Even the debt snowball, a plan that has been instrumental in helping thousands of people destroy their debts, is not without fault. Here’s how it works. Write down all your debts. Put them in order, from the lowest balance to the highest. Start paying them off, from the smallest to the largest.

Psychologically, it might be the best way, but mathematically, people would be better served by paying off the highest interest debts first. By the time you’re done, you will have paid less interest, and be at least a little bit ahead financially, compared to starting with the smallest balance. But the “little wins” that come from knocking off the small ones can be motivating. The behavioral aspect makes Dave’s debt snowball order seem reasonable.

I’m money-debt free, so I have no need for a money snowball of any order, shape or size. But I’m almost never task-debt free. I’ve always got a waxing and waning list of things I need to do, want to do, or have been meaning to do, but haven’t gotten around to doing.

This is where the task snowball starts rolling. I write down a list. Maybe give myself a deadline; I need deadlines. Dave’s snowball plan works better here, as the tasks have no interest rate associated with them. Although, some tasks may be more pressing than others. I might get in trouble if I’m harvesting my hop bines when the toilet is overflowing onto the bathroom floor, even if the hop bines do smell so much better than the clogged toilet.

Once urgent matters have been addressed, I start with the simplest, easiest, or quickest task. Check a box, and look for another. Before long, the list is half done, and I move on the bigger tasks. Productivity ensues. With the little stuff out of the way, I’ve got no excuse not to clean out the garage and take four trips to the Habitat ReStore dropoff. The task snowball has worked it’s magic.

Like Inbox Zero, Task-List Zero is a status worth celebrating.

Until I hear the ding from the inbox. Or my lovely wife asks, “Hey, can I borrow you for a minute?” I let loose a small giggle of fear and the tasks begin to populate the list once again.

Much like getting your personal finances in order, getting stuff done takes discipline. Start with the small stuff. Gather your account logins and check your balances. Clean underneath the fridge. Sign up for Personal Capital and know your net worth.

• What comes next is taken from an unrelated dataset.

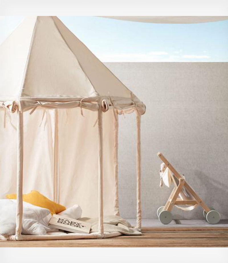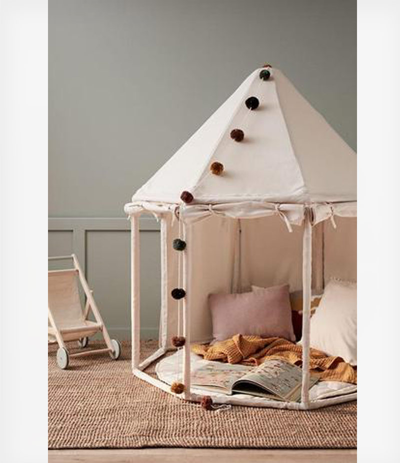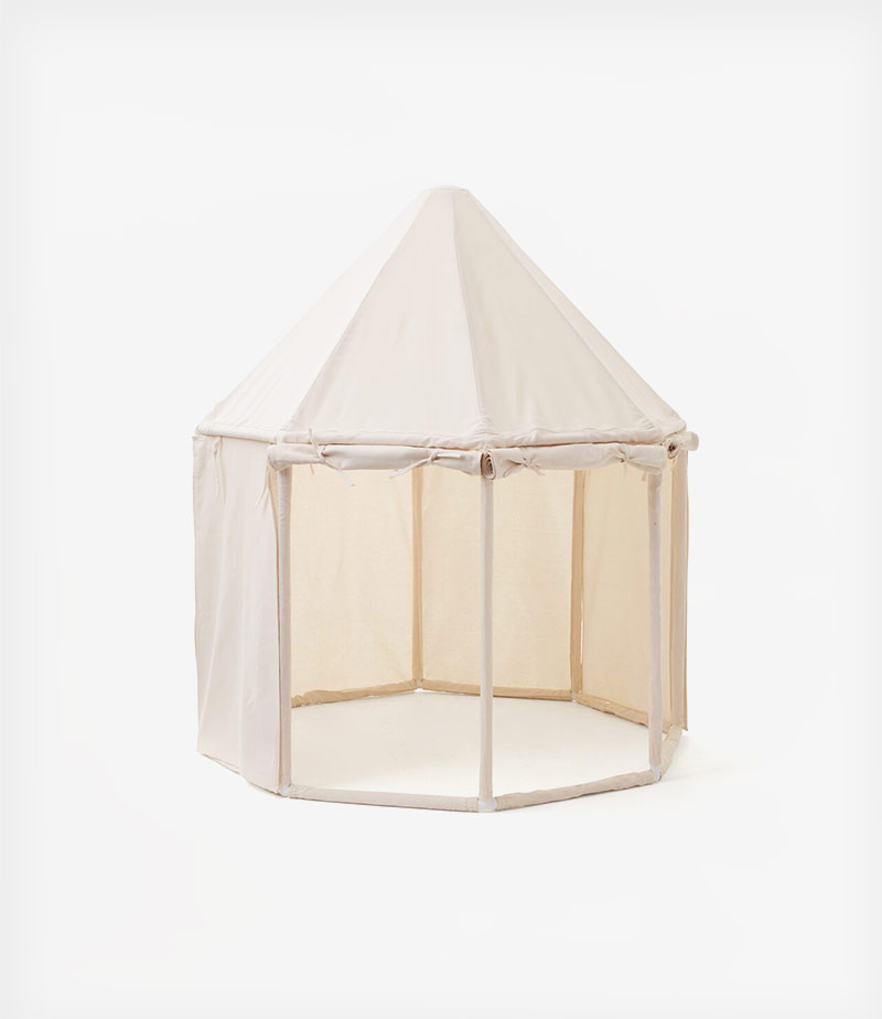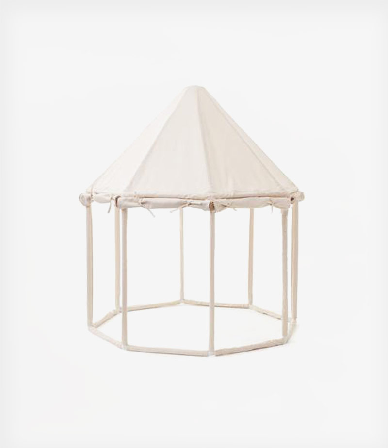 Ξύλινο σπιτάκι για άφθονο παιχνίδι με κάλυμμα σε εκρού χρώμα που κατεβαίνει πλευρικά από όλες τις πλευρές.

Move on to the bigger stuff. Tackle the storage room. Write up an IPS. Brew your own beer. Invest like a pro. Design and build a deck. Reach financial independence. Start a community garden. Bike across the country. Conquer the world.

Just get your snowball started.


  1. And, like finances, be careful what you “add to the list”. An important financial principal is “avoid debt, live beneath your means, invest”.

    An important “time principal” is “avoid extra unnecessary tasks, don’t schedule 26 hours in 24, and have some spare time”.

  2. Being a long time reader of pof I am surprised I don’t remember coming across this post originally. Thanks for bringing it to my attention.

    I do think the task snowball is a better concept than the debt snowball of Dave Ramsey. I still think it is better to attack the higher interest rate debt first rather than get the smaller ones out of the way because it makes more financial sense.

    I get the psychological benefit of doing it the Ramsey way but still think as physicians we don’t need this to make sound decisions

    The task snowball though definitely has merit as checking off any task in a given weekend does give satisfaction

    • It definitely makes more financial sense to attack the high interest debt first but for some physicians the debt snowball can be helpful in changing attitude toward debt. There’s something powerful and addictive about paying off debt even if it’s small.